Yitzhak Yadid ist Kurator des „Bioparco“in Rom, wo Nashornbulle Kibo seit September 2019 lebt. Dort hat er einen Artgenossen, der genauso alt ist wie er selbst. Dieser Bulle heißt Thomas. Es ist der Name, dem man ihm in seinem Geburtszoo in Arnhem in den Niederlanden gab. Die beiden Nashörner halten laut Yadid immer Ausschau nach ihren Pflegern. Kibo verpasse keine Gelegenheit, sich Streicheleinheiten abzuholen. Inzwischen ist der in Augsburg geborene Bulle ein echtes Schwergewicht und dementsprechend etwas behäbiger, als ihn so mancher Augsburger noch kennen mag. „Er ist ein Erwachsener“, sagt
Yadid, „und ziemlich groß“. Dass es Kibo schmeckt, zeige sich auf der Waage. Yadid erinnert sich noch daran, dass er bei der Ankunft zwei Tonnen wog. Heute ist der Bulle um ein Viertel schwerer. Sein Gewicht von mehr als 2500 Kilogramm kann nach Auskunft von Fachleuten aber noch deutlich zunehmen. 3500 Kilogramm sind für einen Nashornbullen nicht ungewöhnlich. Im Bioparco ist die Zooleitung bemüht, auch für Kibo die richtigen Vorausset
zungen zu schaffen. Dazu gehören laut Yadid die richtige Behausung, genügend Auslauf und fürsorgliche Pfleger. Ein monumentales Eingangsportal weist den Weg in den „Bioparco di Roma“beziehungsweise zoologischen Garten Roms. Er liegt auf einer Fläche von 42 Hektar zu Füßen des Hügels Pincio im Park der Villa Borghese. Er gilt als Italiens größter und – 1911 erbaut – Europas ältester Zoo. Kibo ist eines von 1114 dort lebenden Tieren. Es war der Hamburger Carl Hagenbeck, der die Verantwortung für die Gründung des Bioparco übernahm. Auch Kibos Schwester Keeva hat sich in ihrer neuen Heimat, dem Knowsley Safari Park in der Nähe von Liverpool, Großbritannien, offenbar gut eingelebt. Sie lebt dort in einer größeren Herde, Besucher des Parks können dort auf geführte Touren gehen und die Tiere erleben, als lebten sie in freier Wildbahn. Noch ein anderes Augsburger Wildtier wanderte vor Kurzem aus: Przewalski-Hengst Lars.

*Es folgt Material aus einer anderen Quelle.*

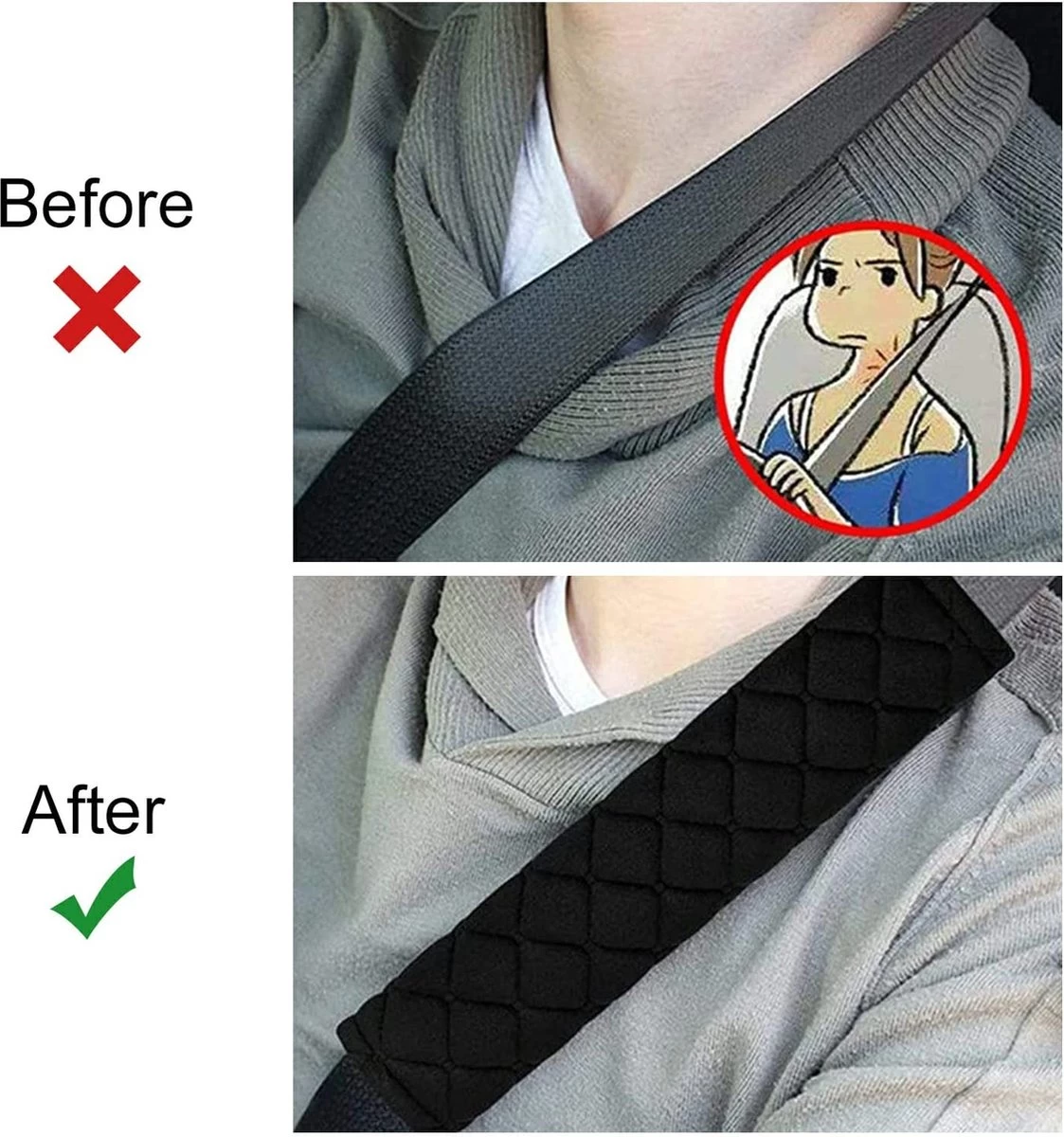 Zacht en comfortabel: gemaakt van hoogwaardig pluche, zacht en comfortabel zonder pluisjes. Het kan de beperking van de veiligheidsgordel verlichten en de druk op de schouder effectief verminderen.
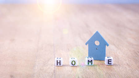 Alphabet wooden block in Home word and mock house toy. Concept of realestate housing sale. Business object with bokeh and light effect.

Er war einst Teil des Beweidungsprojekts im Stadtwald Augsburg, in dessen Rahmen Przewalskipferde dafür sorgen, die Heide und den lichten Kiefernwald im Gehege offen zu halten. Die Junghengste der Augsburger Herde müssen immer wieder ausgetauscht werden, weshalb Lars diesen Januar nach Warschau gebracht wurde, wo er für Nachwuchs sorgen soll. Der Warschauer Zoologische Garten liegt im Stadtteil Praga-Północ und wurde 1928 eröffnet. Damals galt er als der größte Tierpark Europas. Die heute 40 Hektar große Anlage verfügt über rund 550 Tierarten mit etwa 3500 Exemplaren. Sie wird jährlich von etwa 600.000 Menschen besucht. Die Anlage steht seit 1990 gemeinsam mit dem angrenzenden Park Praski unter Denkmalschutz. Zoodirektorin Magdalena Gajownik und die für Huftiere zuständige Kuratorin Sylwia Gródkowska sagen, auch wenn der Hengst erst seit einigen Monaten in der polnischen Hauptstadt lebe, sei es ihm bereits gelungen, die Herzen seiner neuen Zoo-Familie zu „stehlen“. Die Verantwortlichen haben den Eindruck, dass er in der neuen Gruppe sehr glücklich sei.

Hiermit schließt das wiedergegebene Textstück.